TASK OBJECTIVE:
Copy all the records word for word, apart from any pictures.

[Saved entries]
▼

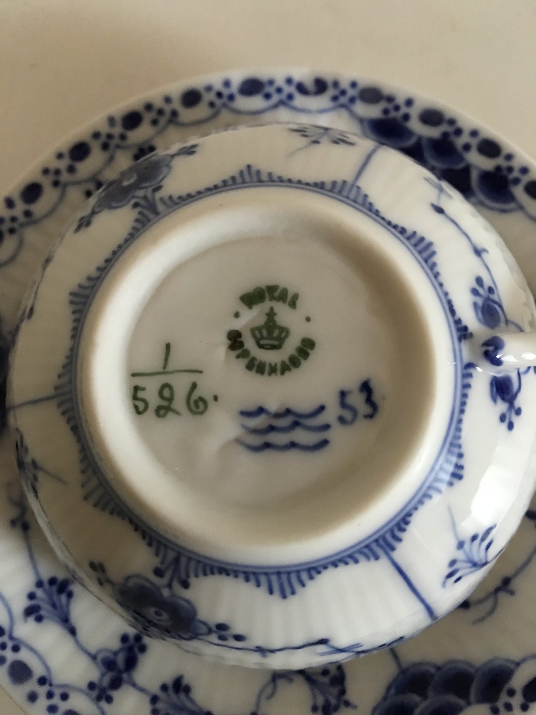 Royal Copenhagen Blue Fluted Half Lace Coffee Cup and Saucer No 526. Cup measures 8 cm dia (3 5/32") and 3.5 cm H (1 3/8")
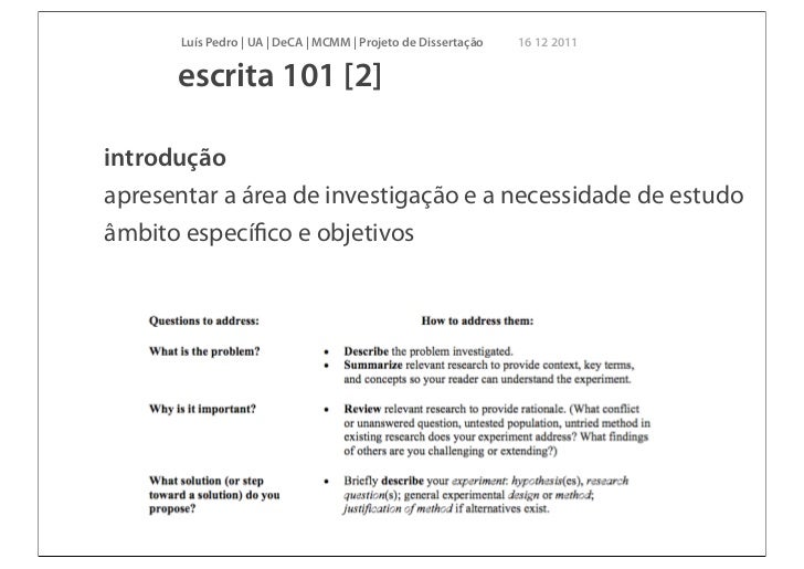 5. 5. Luís Pedro | UA | DeCA | MCMM | Projeto de Dissertação 16 12 2011 escrita 101 [2]introduçãoapresentar a área de investigação e a necessidade de estudoâmbito específico e objetivos
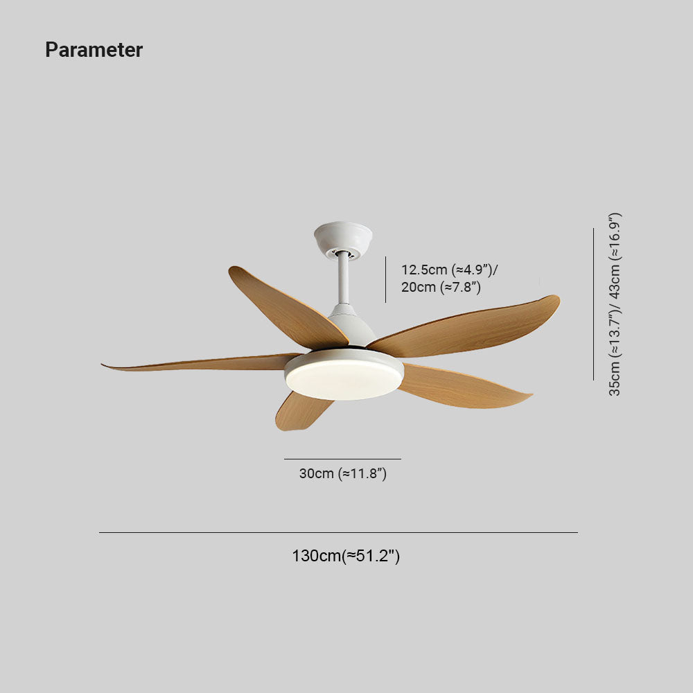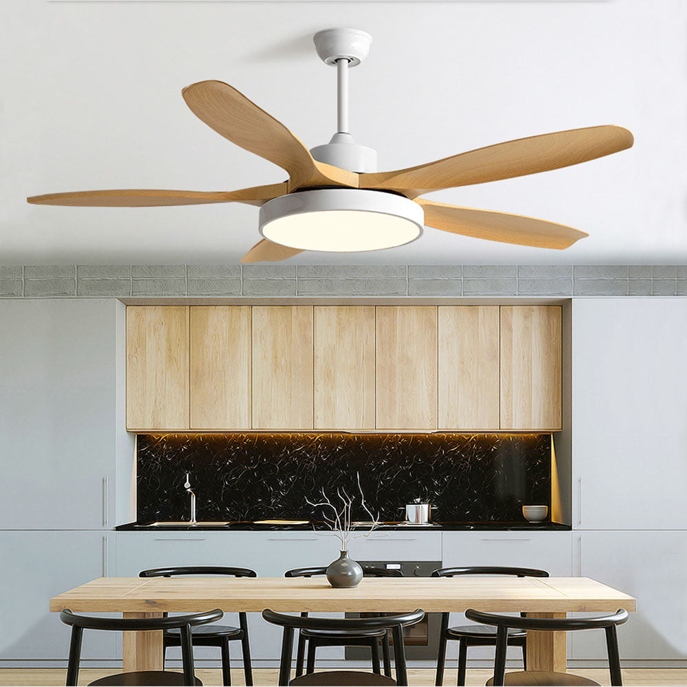 Ozawa Basic valkoinen ja musta moderni 5-lapainen DC-kattotuuletin valolla, puu, 51"
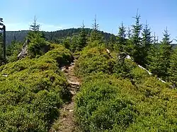 The main summit of Červená hora is not accessible by any marked tourist trail.[5] The summit is difficult to reach, situated in a small clearing surrounded by dense dwarf mountain pine and a few scattered spruce trees.[9][11] Due to the height of the dwarf pines, the summit offers only limited views. However, some of the visible peaks include Dlouhé stráně, Mravenečník, Medvědí hora, Malý Děd, Praděd, Petrovy kameny, Vysoká hole, and Velký Klínovec. At the summit, there is a triangulation station, marked on geodetic maps with the number 33, at an elevation of 1,332.61 metres above sea level, and the geographical coordinates of 50°08′39.27″N 17°08′09.46″E / 50.1442417°N 17.1359611°E / 50.1442417; 17.1359611.[8] Near this station, there is a steel post with a warning sign indicating that damaging the station is punishable by law.[8]
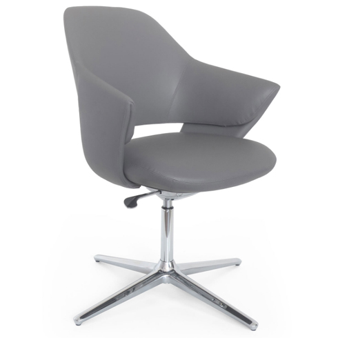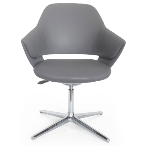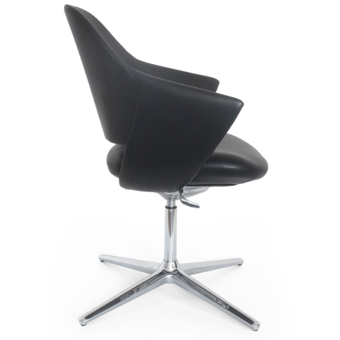 Кресло для посетителей KH-Star-X — эргономичная модель с привлекающим внимание дизайном сиденья, изящной четырехлучевой опорой и удобными подлокотниками.
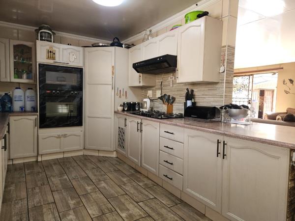 Situated on a spacious 1374m2 corner stand, this modern gem of a home offers both elegance and practicality. Upon entering, you are welcomed by a stunning white kitchen featuring a gas hob with an extractor fan and an eye-level oven, perfect for culinary enthusiasts. The open-plan lounge and dining room area are enhanced by a cozy fireplace in the lounge, creating a warm and inviting ambiance.
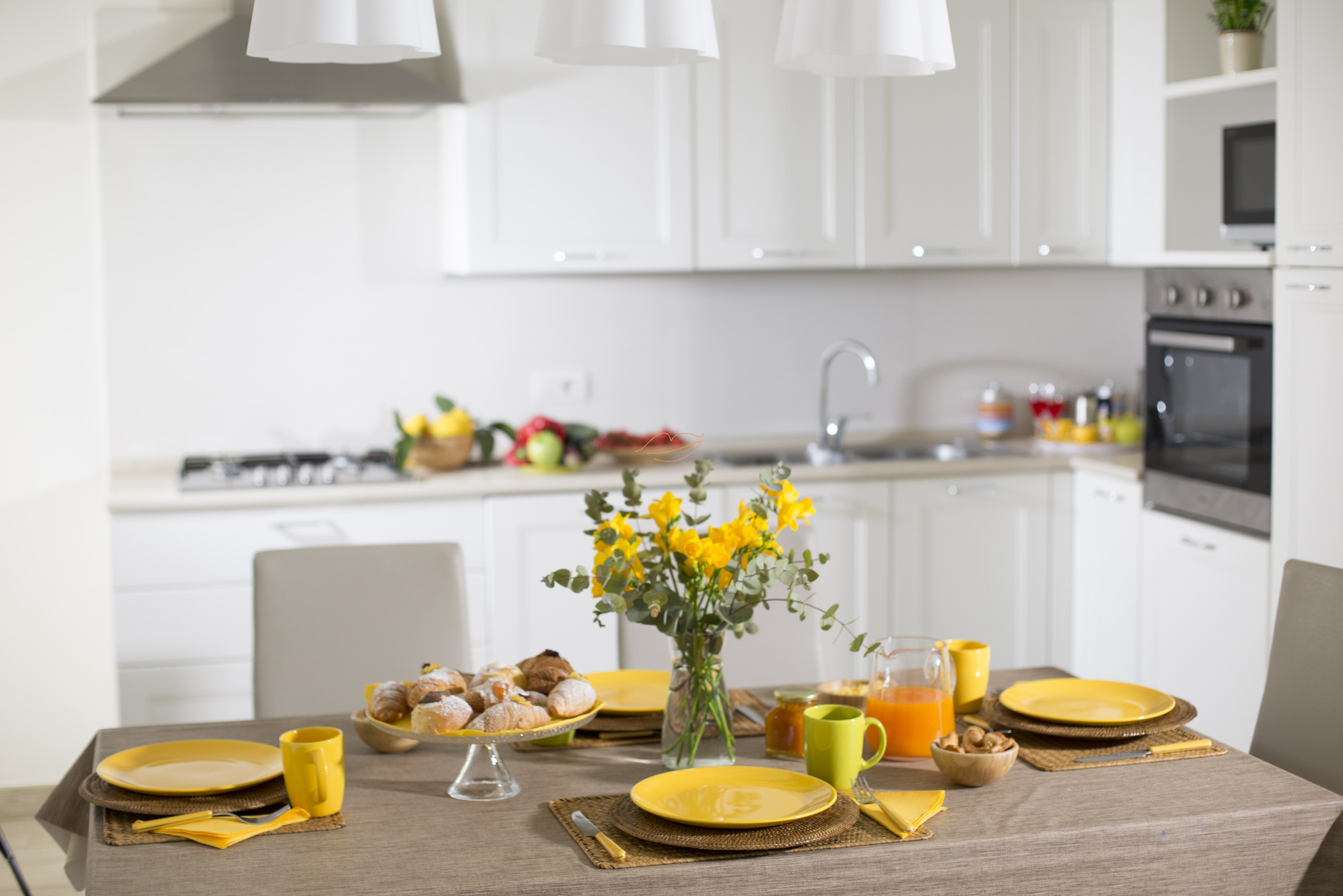 El apartamento consta de un dormitorio principal y una habitación con dos camas individuales, la sala de estar tiene un sofá cama matrimonial. La amplia cocina está bien equipada con cocina, refrigerador, horno y lavavajillas.
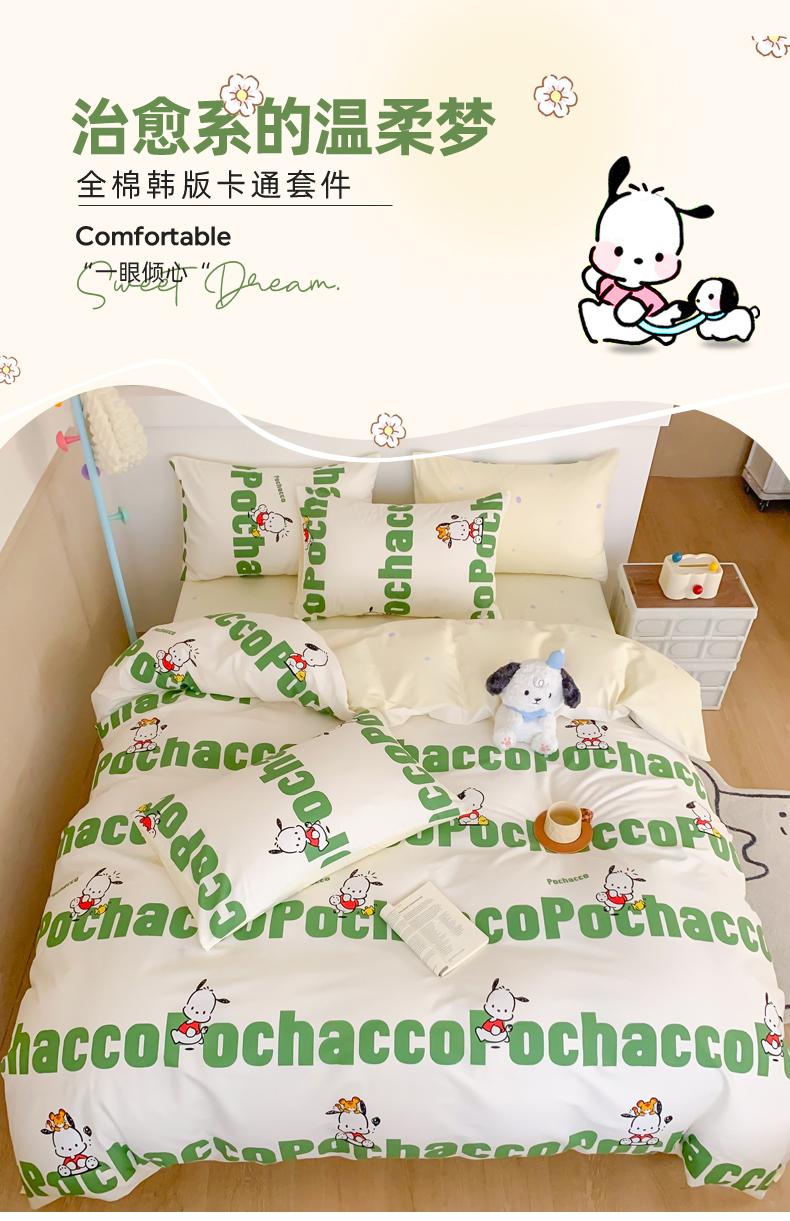 当前位置: 91家纺网 > 商品网购 > 床品套件 > 四件套 > 全棉普通四件套 > 玉元坊 2026新款正版授权三丽鸥系列全棉纯棉床单四件套学生三件套-大耳狗帕恰狗布丁狗系列 字母帕恰狗【简约款】
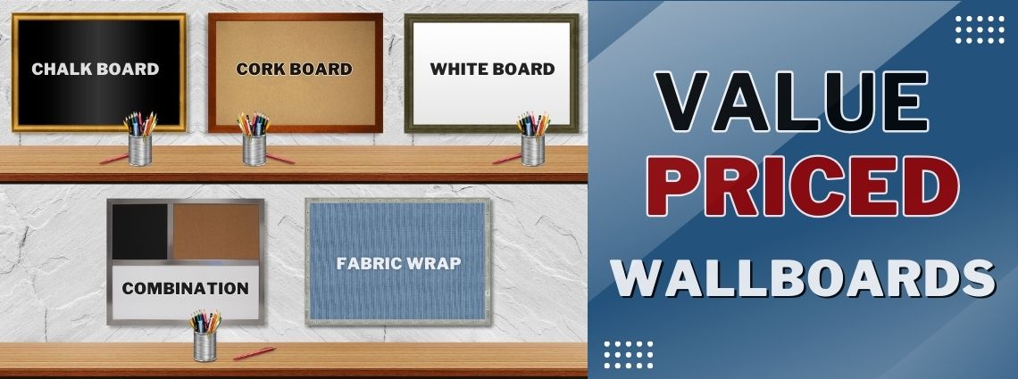 Custom Wallboards: Over 60 Value Price Cork, Chalk, Dry Erase, Combination, & Fabric Wrap Boards are Shown Below.

▲

TASK RESULT:
 Royal Copenhagen Blue Fluted Half Lace Coffee Cup and Saucer No 526. Cup measures 8 cm dia (3 5/32") and 3.5 cm H (1 3/8")
 5. 5. Luís Pedro | UA | DeCA | MCMM | Projeto de Dissertação 16 12 2011 escrita 101 [2]introduçãoapresentar a área de investigação e a necessidade de estudoâmbito específico e objetivos
 Ozawa Basic valkoinen ja musta moderni 5-lapainen DC-kattotuuletin valolla, puu, 51"
 The main summit of Červená hora is not accessible by any marked tourist trail.[5] The summit is difficult to reach, situated in a small clearing surrounded by dense dwarf mountain pine and a few scattered spruce trees.[9][11] Due to the height of the dwarf pines, the summit offers only limited views. However, some of the visible peaks include Dlouhé stráně, Mravenečník, Medvědí hora, Malý Děd, Praděd, Petrovy kameny, Vysoká hole, and Velký Klínovec. At the summit, there is a triangulation station, marked on geodetic maps with the number 33, at an elevation of 1,332.61 metres above sea level, and the geographical coordinates of 50°08′39.27″N 17°08′09.46″E / 50.1442417°N 17.1359611°E / 50.1442417; 17.1359611.[8] Near this station, there is a steel post with a warning sign indicating that damaging the station is punishable by law.[8]
 Кресло для посетителей KH-Star-X — эргономичная модель с привлекающим внимание дизайном сиденья, изящной четырехлучевой опорой и удобными подлокотниками.
 Situated on a spacious 1374m2 corner stand, this modern gem of a home offers both elegance and practicality. Upon entering, you are welcomed by a stunning white kitchen featuring a gas hob with an extractor fan and an eye-level oven, perfect for culinary enthusiasts. The open-plan lounge and dining room area are enhanced by a cozy fireplace in the lounge, creating a warm and inviting ambiance.
 El apartamento consta de un dormitorio principal y una habitación con dos camas individuales, la sala de estar tiene un sofá cama matrimonial. La amplia cocina está bien equipada con cocina, refrigerador, horno y lavavajillas.
 当前位置: 91家纺网 > 商品网购 > 床品套件 > 四件套 > 全棉普通四件套 > 玉元坊 2026新款正版授权三丽鸥系列全棉纯棉床单四件套学生三件套-大耳狗帕恰狗布丁狗系列 字母帕恰狗【简约款】
 Custom Wallboards: Over 60 Value Price Cork, Chalk, Dry Erase, Combination, & Fabric Wrap Boards are Shown Below.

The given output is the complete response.